■ **INSTRUCTIONS TO FOLLOW**
Your response should consist of the entries below, reproduced exactly and without their images.

■ **ENTRIES SUPPLIED**
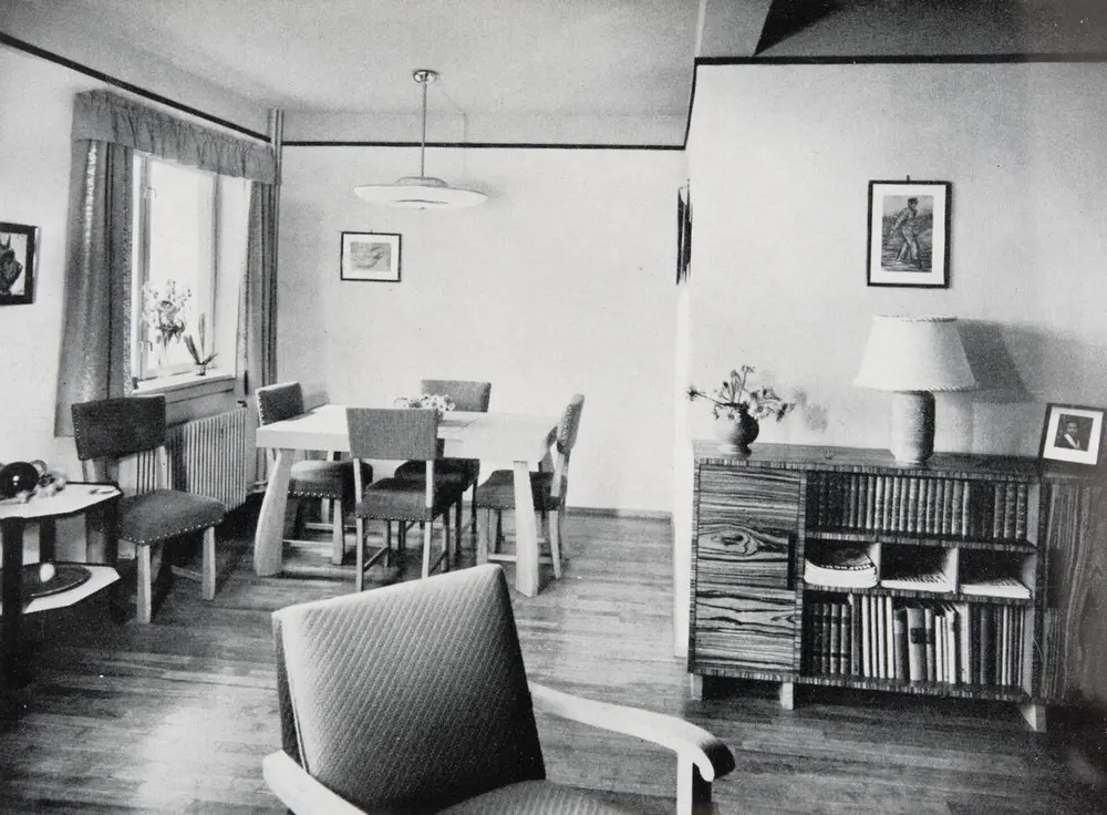 Fra den kombinerte stua og spisestua i arkitekt Eilif Dahls hjem i Briskebyveien 22c i Oslo. «Stuen vår er jo deilig lys med store vinduer. I en lys stue bør det være lyse tapeter, gjerne hvite så alle farver og gjenstander kommer til sin rett. Vi valgte et tapet med en struktur som skvettpuss. Fløtegul på hvit bunn. De to sidevegger i spisekroken svak eplegrønn, som gir en morsom variasjon og hvorved også rummet virker større. Taket er kanarigult med mørkebrune billedlister. Vinduskarmer kremgule som tapetet.» Fotografi fra «Hus og Have», mai 1934.
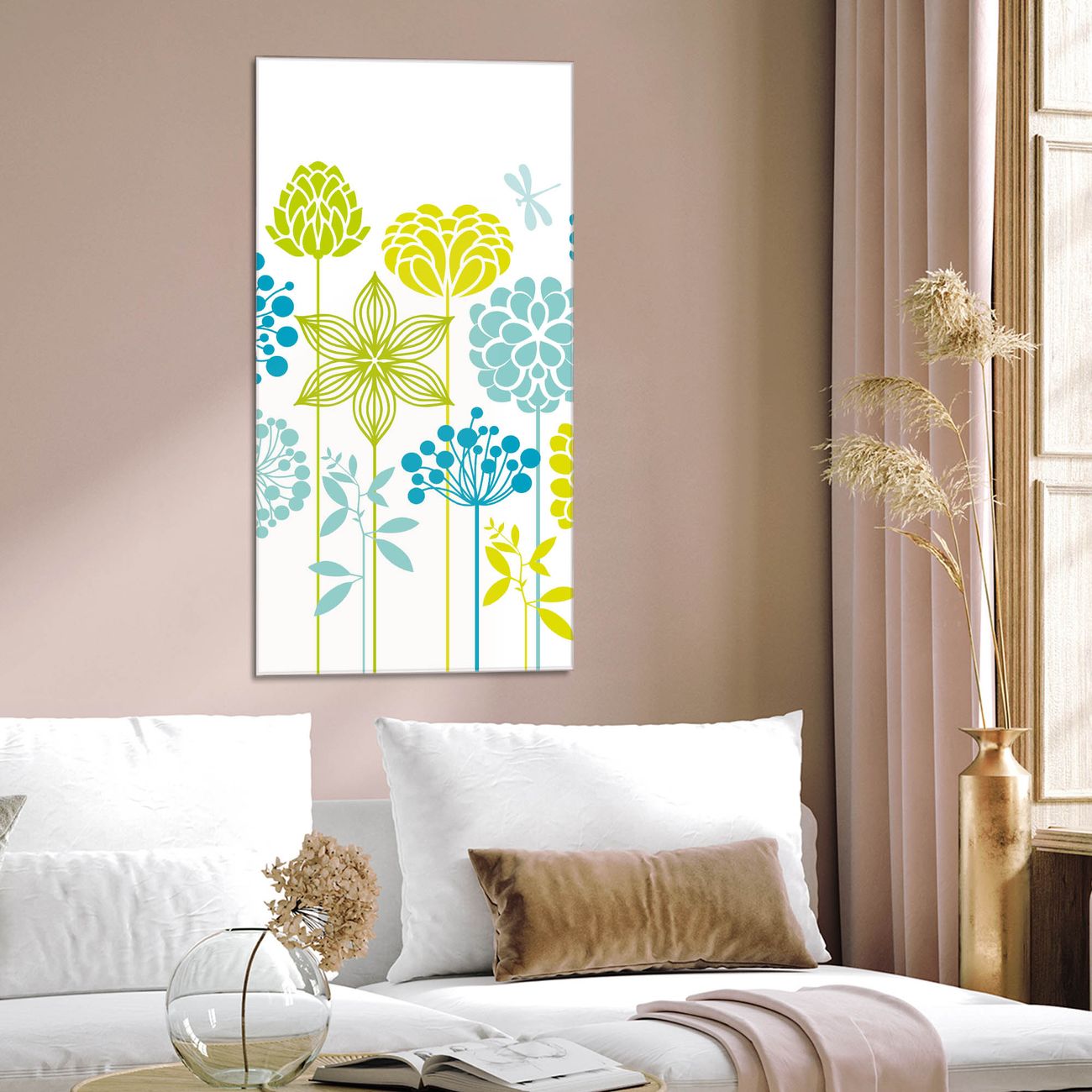 Brillantes Glasbild im Hochformat Kräuterwiese
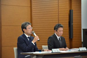 ▲模擬記者会見の様子(写真左)尾本直俊常務執行役員(右)伊藤浩也自動車船部運航・輸送品質グループグループリーダー
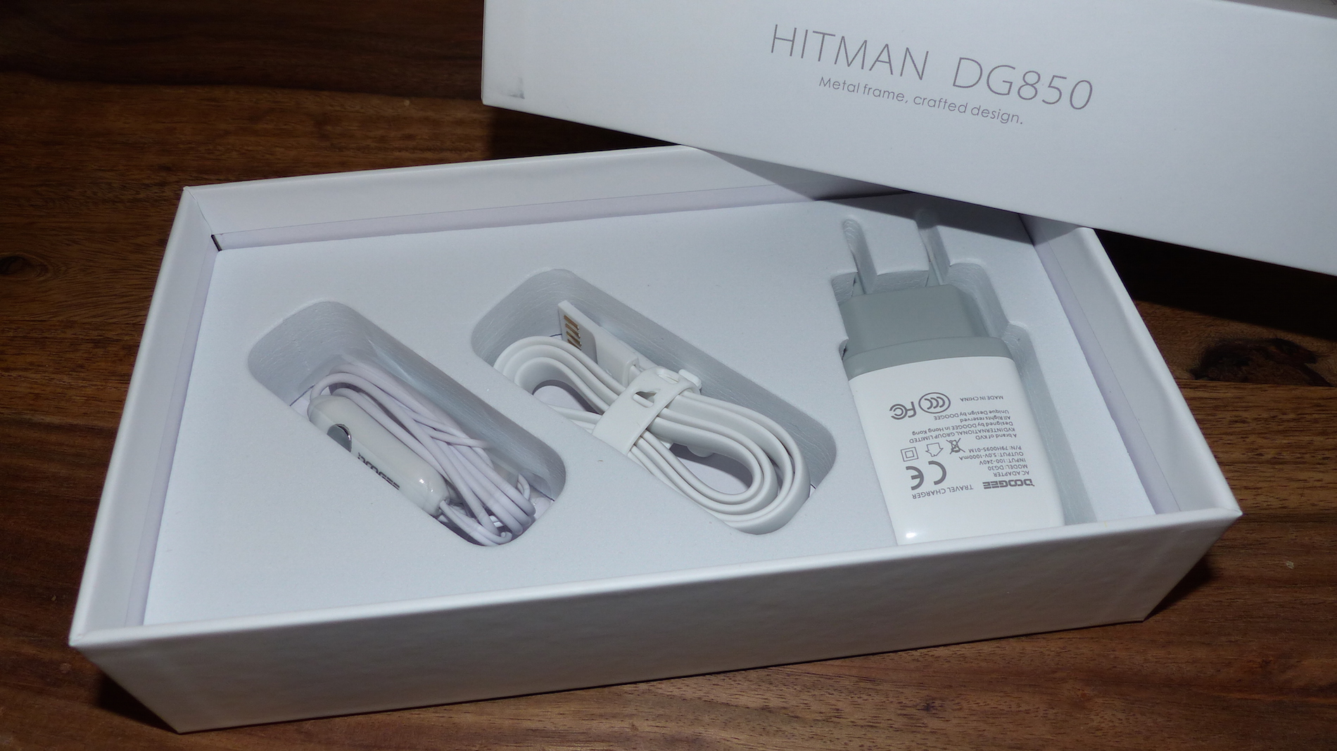 Schon alleine die Box ist so ganz untypisch für einen günstigen Klon aus Fernost. So eine professionell gestaltete Verpackung habe ich bisher bei noch keinem Smartphone gesehen, welches sich weit unter der 170 US Dollar Grenze bewegt. Nach dem Öffnen der Verpackung klappte mir die Kinnlade dann allmählich nach unten. Zuerst erschien eine semi-transparente Plastik Trennfolie mit Doogee Logo, welche die Sicht auf das darunter liegende Smartphone in der üblichen Plastiktüte versperrte, um welches sich noch ein Plastik Bumper zum Schutz der Rückseite befindet. Darunter erscheint dann neben der üblichen Schnellstartanleitung, einer zweiten Schutzfolie und einem Werkzeug zum Öffnen des SIM Schachtes, schön in passgenau geformte Fächer angeordnet, das restliche Zubehör, zu welchem ein hochwertig aussehendes EU Netzteil, ein flaches Micro USB Kabel und ein Headset gehören.
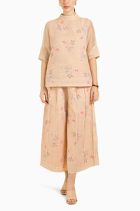 This stylish ensemble features an old rose printed top, offering a soft, feminine touch with its elegant floral design. Paired with comfortable culottes in linen, the outfit combines casual ease with a chic, modern aesthetic. The breathable linen fabric ensures all-day comfort, making it perfect for a relaxed yet fashionable look.
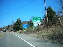 New York State Route 14 (NY 14) is a state highway located in western New York in the United States. Along with NY 19, it is one of two routes to transect the state in a north–south fashion between the Pennsylvania border and Lake Ontario. The southern terminus is at the state line in the Chemung County town of Ashland, where it continues south as Pennsylvania Route 14 (PA 14). Its northern terminus is at a cul-de-sac on Greig Street in the Wayne County village of Sodus Point. NY 14 has direct connections with every major east–west highway in western New York, including Interstate 86 (I-86) and NY 17, U.S. Route 20 (US 20) and NY 5, and the New York State Thruway (I-90). It passes through two cities—Elmira and Geneva—and serves many villages as it traverses the state.
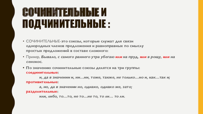 СОЧИНИТЕЛЬНЫЕ И ПОДЧИНИТЕЛЬНЫЕ
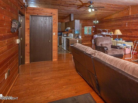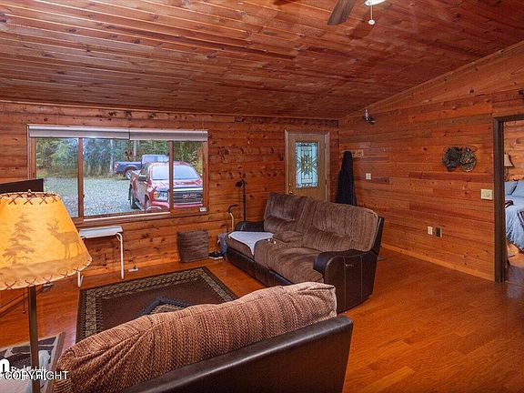 Log ranch home on 1 acre of land. Perfect starter home or home to down size into. Features include vaulted living room, double bathroom sinks, extra large soaker tub, storage shed, fenced in area off the back porch, mature trees, and established garden area. This home is conveniently located near the Menards sports complex, bike paths, and minutes to downtown Wasilla.

■ **SOLUTION TO THIS EXERCISE**
 Fra den kombinerte stua og spisestua i arkitekt Eilif Dahls hjem i Briskebyveien 22c i Oslo. «Stuen vår er jo deilig lys med store vinduer. I en lys stue bør det være lyse tapeter, gjerne hvite så alle farver og gjenstander kommer til sin rett. Vi valgte et tapet med en struktur som skvettpuss. Fløtegul på hvit bunn. De to sidevegger i spisekroken svak eplegrønn, som gir en morsom variasjon og hvorved også rummet virker større. Taket er kanarigult med mørkebrune billedlister. Vinduskarmer kremgule som tapetet.» Fotografi fra «Hus og Have», mai 1934.
 Brillantes Glasbild im Hochformat Kräuterwiese
 ▲模擬記者会見の様子(写真左)尾本直俊常務執行役員(右)伊藤浩也自動車船部運航・輸送品質グループグループリーダー
 Schon alleine die Box ist so ganz untypisch für einen günstigen Klon aus Fernost. So eine professionell gestaltete Verpackung habe ich bisher bei noch keinem Smartphone gesehen, welches sich weit unter der 170 US Dollar Grenze bewegt. Nach dem Öffnen der Verpackung klappte mir die Kinnlade dann allmählich nach unten. Zuerst erschien eine semi-transparente Plastik Trennfolie mit Doogee Logo, welche die Sicht auf das darunter liegende Smartphone in der üblichen Plastiktüte versperrte, um welches sich noch ein Plastik Bumper zum Schutz der Rückseite befindet. Darunter erscheint dann neben der üblichen Schnellstartanleitung, einer zweiten Schutzfolie und einem Werkzeug zum Öffnen des SIM Schachtes, schön in passgenau geformte Fächer angeordnet, das restliche Zubehör, zu welchem ein hochwertig aussehendes EU Netzteil, ein flaches Micro USB Kabel und ein Headset gehören.
 This stylish ensemble features an old rose printed top, offering a soft, feminine touch with its elegant floral design. Paired with comfortable culottes in linen, the outfit combines casual ease with a chic, modern aesthetic. The breathable linen fabric ensures all-day comfort, making it perfect for a relaxed yet fashionable look.
 New York State Route 14 (NY 14) is a state highway located in western New York in the United States. Along with NY 19, it is one of two routes to transect the state in a north–south fashion between the Pennsylvania border and Lake Ontario. The southern terminus is at the state line in the Chemung County town of Ashland, where it continues south as Pennsylvania Route 14 (PA 14). Its northern terminus is at a cul-de-sac on Greig Street in the Wayne County village of Sodus Point. NY 14 has direct connections with every major east–west highway in western New York, including Interstate 86 (I-86) and NY 17, U.S. Route 20 (US 20) and NY 5, and the New York State Thruway (I-90). It passes through two cities—Elmira and Geneva—and serves many villages as it traverses the state.
 СОЧИНИТЕЛЬНЫЕ И ПОДЧИНИТЕЛЬНЫЕ
 Log ranch home on 1 acre of land. Perfect starter home or home to down size into. Features include vaulted living room, double bathroom sinks, extra large soaker tub, storage shed, fenced in area off the back porch, mature trees, and established garden area. This home is conveniently located near the Menards sports complex, bike paths, and minutes to downtown Wasilla.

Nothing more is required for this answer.